Self-Diagnosing

Social Media’s role in self diagnosis, and why it might not be a good thing.

(GIF created by Oliver Michelsen)

At its best, social media serves as a platform that brings people from all sorts of backgrounds and beginnings together to share experiences or new ways of thinking. At its worst, it acts as an echo chamber for misguided ideas and a sound board for nonsense. Oftentimes, consumers and content creators can strike a balance between the two, using their own judgment to experience the internet in a positive way. However, it’s easy to end up on the wrong side of this line, especially if one does not know the warning signs.

In recent years, the online community as a whole has worked to destigmatize mental illnesses and disorders. Terms like “neurodivergent” have gained popularity to describe the way that some people’s brains work. Neurodiversity refers to people who stray from what is seen as “typical”  neurological function. According to an article in Harvard Health Publishing written by Nicole Baumer, MD, MEd, neurodivergency describes “the diversity of all people, but it is often used in the context of autism spectrum disorder (ASD), as well as other neurological or developmental conditions such as ADHD or learning disabilities.” 

Many content creators — neurodivergent people and professionals alike —  have come forward with their experiences and information, offering insight and support to those struggling mentally and emotionally. New attention to a historically taboo subject could mean positive change for that community. However, with platforms as extensive as TikTok, Instagram, Twitter and Facebook, positive change can come with a price. For the neurodivergent community, that price is inexperienced content creators spreading misinformation and leaving uneducated users with a false understanding of the topic.

Videos and reels sprout up all over the internet that list symptoms of certain disorders. Many of these videos take the same format. Something similar to, “5 behaviors you didn’t know were symptoms of ADHD.” Sometimes, professionals or those with experience make these videos and include helpful information backed up by a reputable source. Often, they don’t. Some of the time, these videos are made by creators with little experience in mental health and no diagnosis.

“Sometimes I’ll see in the tags at the bottom of it, ‘actually autistic,’ or just tags that let you know the person is a counselor, or therapist or something,” said Kylie Baker-Williams, a 22-year-old who deals with ADHD, and Generalized Anxiety Disorder, Panic Disorder and Depression. “But half the time, it’s just some teenager that thinks biting your nails means you have ADHD.”

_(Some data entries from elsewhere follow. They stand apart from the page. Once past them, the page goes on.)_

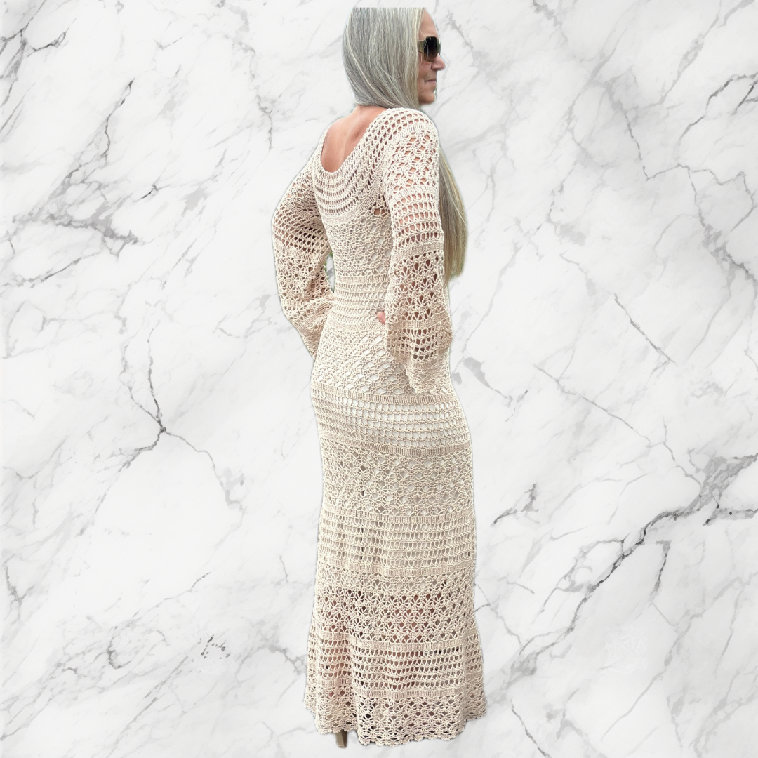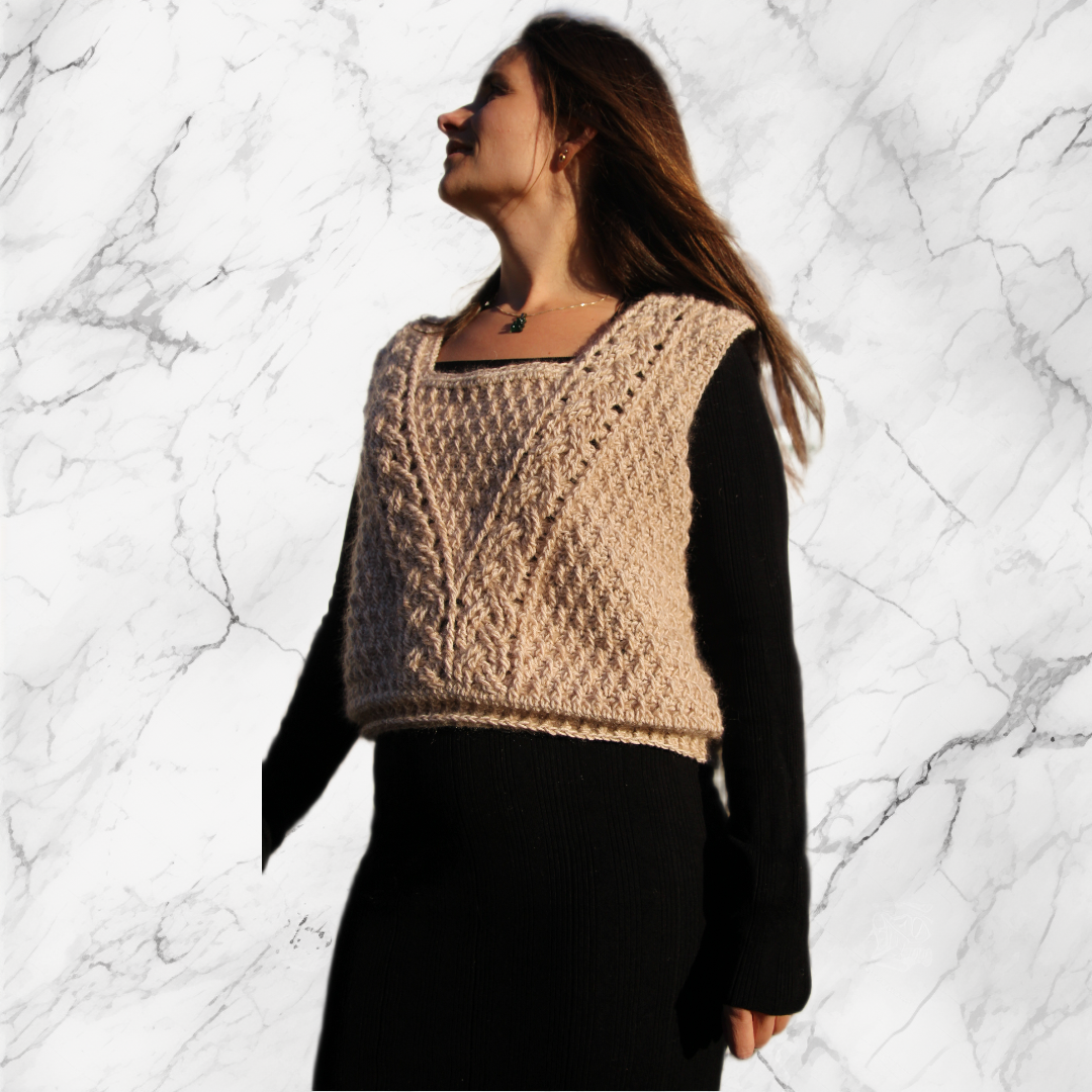 Louise genser er et elegant plagg med lekre bølgemønstre og vid passform. Den kombinerer luftige hekleteknikker med mykt garn, og gir en genser som føles lett, men samtidig varm og behagelig å bruke.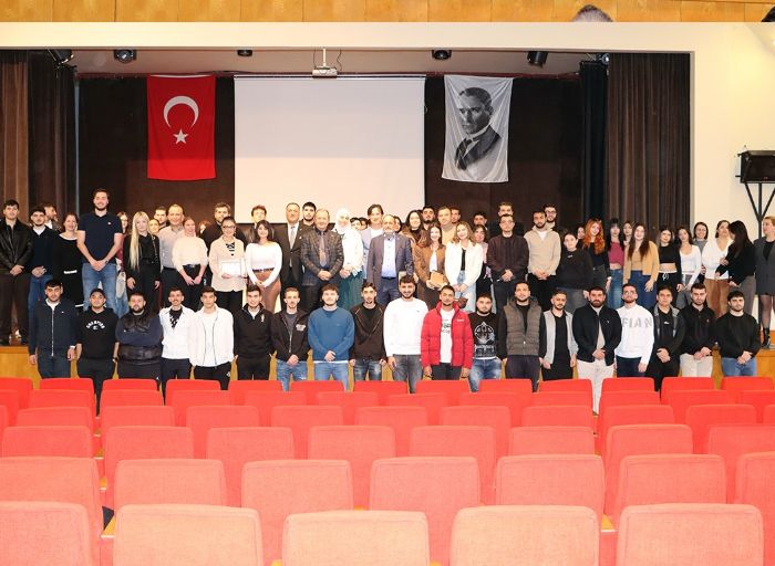 Gümrük Müşaviri Arif Şengel, gümrük müşavirliği mesleğinin uzun ve zorlu bir eğitim sürecine dayandığının altını çizerek, “Yıllar önce alaylı olarak bu mesleğe girip yetki belgemi almış. 40 yıldır da bu işin içerisinde ilmek ilmek tırnaklarımızla gelmiş bir gümrük müşaviri olarak karşınızdayım.Gümrük müşaviri şirketinde veya gümrük müşaviri olmak istiyorsanız, mezun olduktan sonra bir gümrük müşaviri şirketinde sigortalı olarak staj yaparak hayata atılmanız gerekiyor.Bir yıllık staj süresinden sonra gümrüğün açmış olduğu ilk sınava girerek yüzde 65 oranında sadece yazılı sınavı kazanarak, gümrük müşaviri yardımcısı olabiliyorsunuz. Diplomayı aldıktan sonra gümrük müşavirlik şirketinde en az 2 yıl sigortalı olarak çalışacaksınız. Gümrük müşavirleri derneğine üye olacaksınız ve bunu belgeleyeceksiniz.Bilgi ve birikiminizi gümrük müşavirlik şirketlerinde çalışarak elinize aldığınız evrağı tanıyarak gümrüğe götürdüğünüz evrağın faturanın mülk beyannamesinin ihracat beyannamesinin bir soru sorulduğunda cevabını verebilecek düzeye gelebilecek noktada kendinizi yetiştirerek hazırlamanız gerekiyor.Bu süreçte diploma tek başına yeterli değil. Okuldan mezun oldunuz ama bir şirkete girip çalışacaksınız. Temelden bu işin mutfağından affedersiniz ayakçılık diye tabir ettiğimiz yani evrak götür, getir. Ondan sonra gümrüğe, firmaya, acenteye, limana git.Bu gidiş gelişlerde sizlerin mesleği sorgulamanız, katlanmanız gerekiyor ki öğrenirsiniz. Yaptığınız işi, götürdüğünüz işi sorgulamazsanız, bilerek yapmazsanız sadece memur zihniyetiyle gidip gelirsiniz. İmtihanda başarısız olursunuz. Gerçekten çok zorlu bir süreç.” diye konuştu. Program, plaket takdimi ve günün anısına çekilen toplu fotoğraf ile tamamlandı.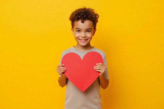 Kid boy holding paper heart. Love and valentine day and gratitude concept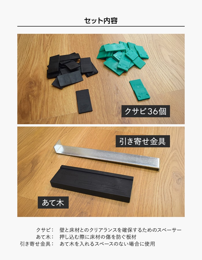 施工キットでは、壁際と床材の適切な隙間を確保するクサビや、床材を傷つけずはめ込むことができる当て木等、施工に必要な細かな道具をまとめてご購入いただけます。
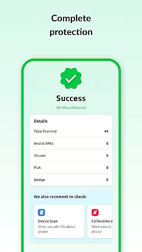 At its core, Antivirus Protector provides powerful antivirus scanning to detect and remove viruses, malware, and other security threats. Beyond security, the app offers detailed device insights, storage monitoring, sensor calibration, and network information, ensuring your device operates at optimal performance. Whether you're managing files or monitoring Wi-Fi and Bluetooth connections, this app delivers the tools you need to maintain a clutter-free and secure device.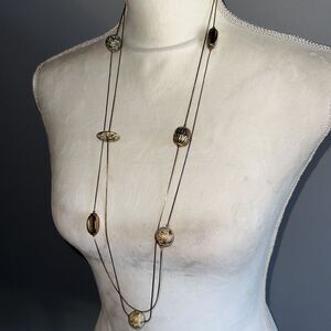 Beautiful vintage bohemian beaded necklace with a double serpentine chain with a lobster clasp closure. The chain is a mix of silver and gold. Like a ombré fading to the other color!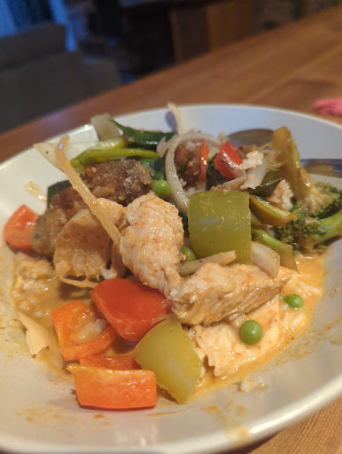 The Thai salad with dressing tasted off to be honest and the satay chicken was also dry, to the point of being inedible. The peanut sauce you pay and extra 35p for in order to have it with the supposedly satay chicken is a tiny portion, not even enough to cover 2 of the 4 chicken skewers. The green curry was alright but the chicken was tough.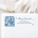 Weiße und silberne Schneeflocken fallen in dieser winterlichen Weihnachtswunder-Aquarellfarbe auf einen hellblauen Himmel, die für ein schönes Rücksendeetikett sorgt. Es gibt einen schneebedeckten Abend. Das Label hat ein blaues Skript "Frohe Weihnachten", das alle bearbeitet werden kann. Vergewissern Sie sich, dass Sie den Namen und die Adresse der Einträge zu denen ändern, die Sie beabsichtigen.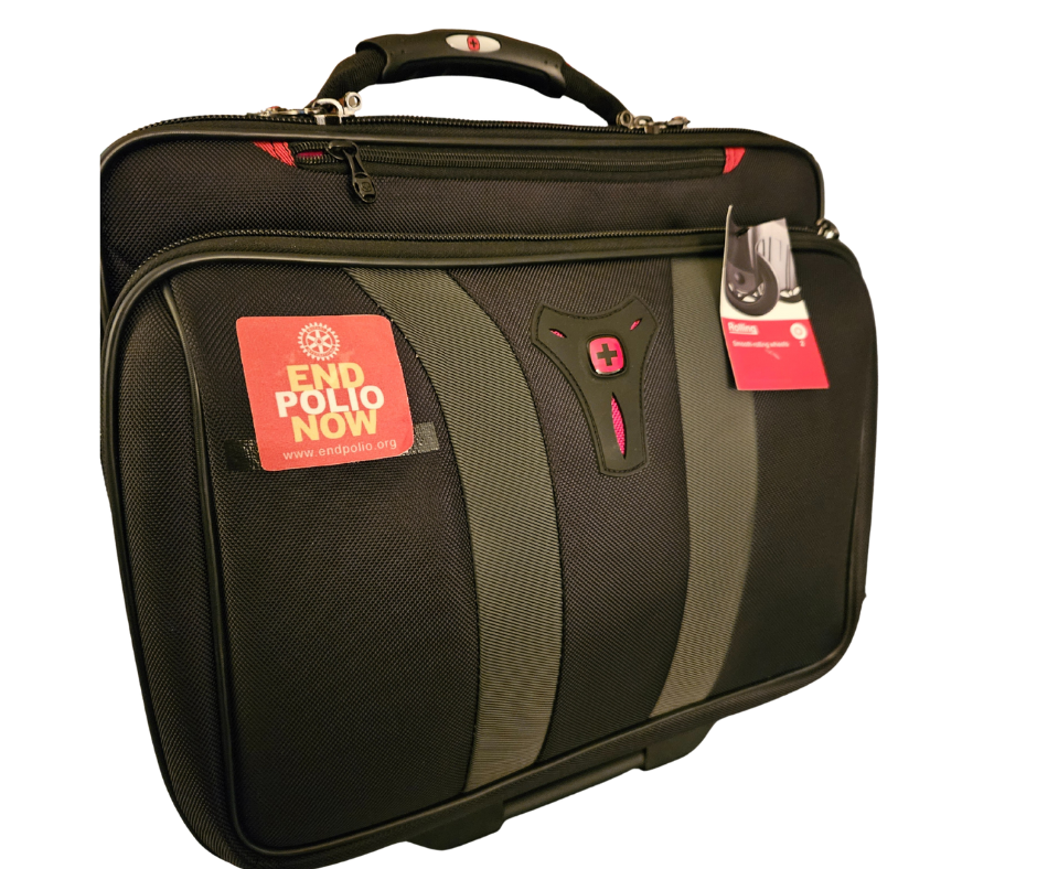 This Granada, 17" Wheeled Laptop Case has insulated sections to protect your laptop and it comes with an overnight compartment for clothes. Thank you Malcolm Cocks for this donation.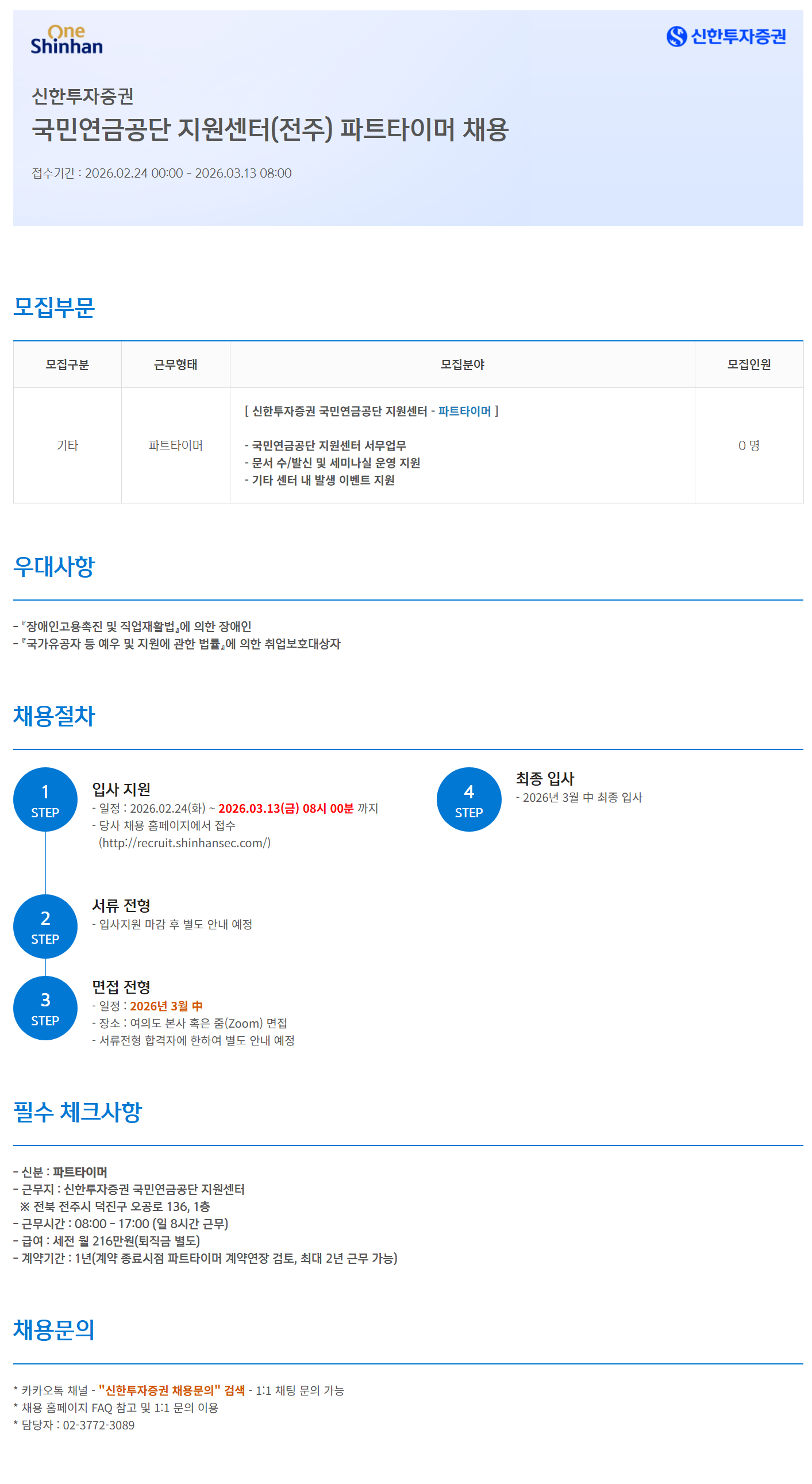 ±¹¹Î¿¬±Ý°ø´Ü Áö¿ø¼¾ÅÍ(ÀüÁÖ) ÆÄƮŸÀÌ¸Ó Ã¤¿ë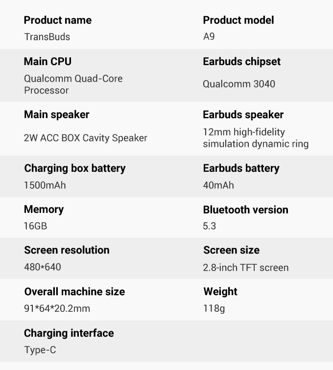 At the heart of the A9 lies the Qualcomm quad-core chipset, which drives its translation capabilities, ensuring both speed and stability. With translation speeds of under 0.5 seconds and an impressive 98% accuracy rate, the A9 operates efficiently while maintaining low power consumption. This ensures uninterrupted performance, offering users a seamless and reliable translation experience.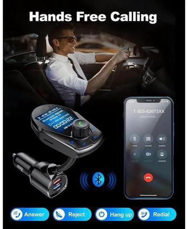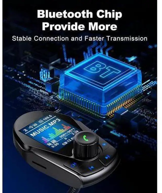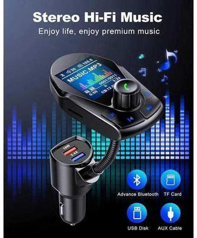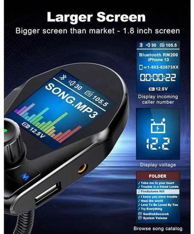 Product Dimensions 3.15 x 1.97 x 5.12 inches Item Weight 6 ounces Features Large 1.8 -inch color screen, auxiliary input/output, built-in microphone, hands-free calling, Bluetooth FM transmitter, noise cancellation, fast charging Large 1.8 -inch color screen, auxiliary input/output, built-in microphone, hands-free calling, Bluetooth FM transmitter, noise cancellation, fast charging Connectivity Bluetooth, Auxiliary, USB Power Supply Wired Electricity Material Plastic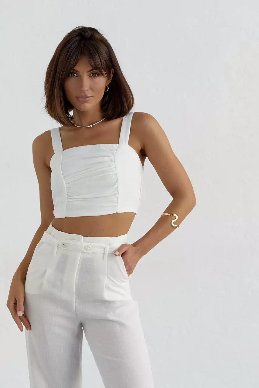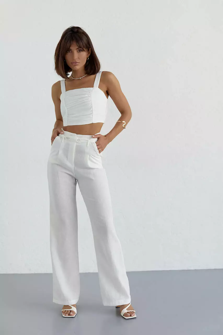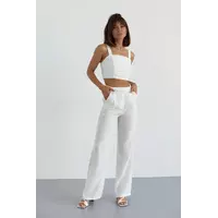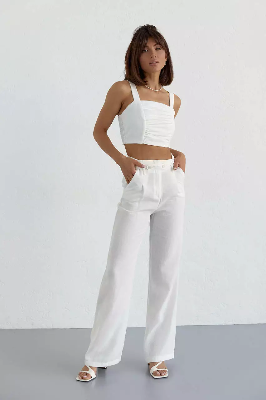 Женский хлопковый костюм с брюками и топом - молочный цвет, L (есть размеры)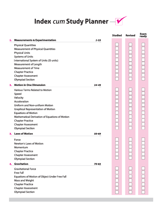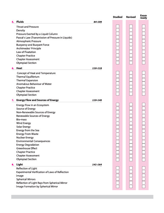 Measurements & Experimentation, Motion in one Dimension, Laws of Motion, Gravitation, Fluids, Heat, Energy Flow and Sources of Energy, Light, Sound, Current Electricity, Magnetism, Explanations to Olympiad, Internal Assessment of Practical Work, Sample Question Papers
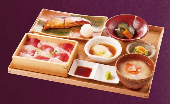 鮪と鯛の華やかな紅白ちらし、出世魚の鰤の照り焼き、小割烹おはし自慢の京都おばんざい2種が付いた贅沢な御膳です。

 The videos will then proceed to list vague behaviors which might be a result of a disorder, but are not qualifiers by any means. One such video describes stepping over things without picking them up, leaving cabinet doors open or eating too much in one sitting as “things I didn’t know were signs of ADHD.” When properly executed by someone who has professional experience in not only neurodivergency, but also how to communicate that information to others (such as psychologist, author and TikTok creator, Stephanie Georgiou), these types of posts can bridge knowledge gaps about these issues. They can reach people who might not know that their struggles can be helped. But without the right foundation, found by those who consume information online irresponsibly, Baker-Williams argues people start to use these terms frivolously, diluting their meaning and trivializing stories of actually diagnosed sufferers. 

She’s experienced symptoms for most of her life, and was diagnosed in middle school. For her, the symptoms of her disorders have become part of everyday life. 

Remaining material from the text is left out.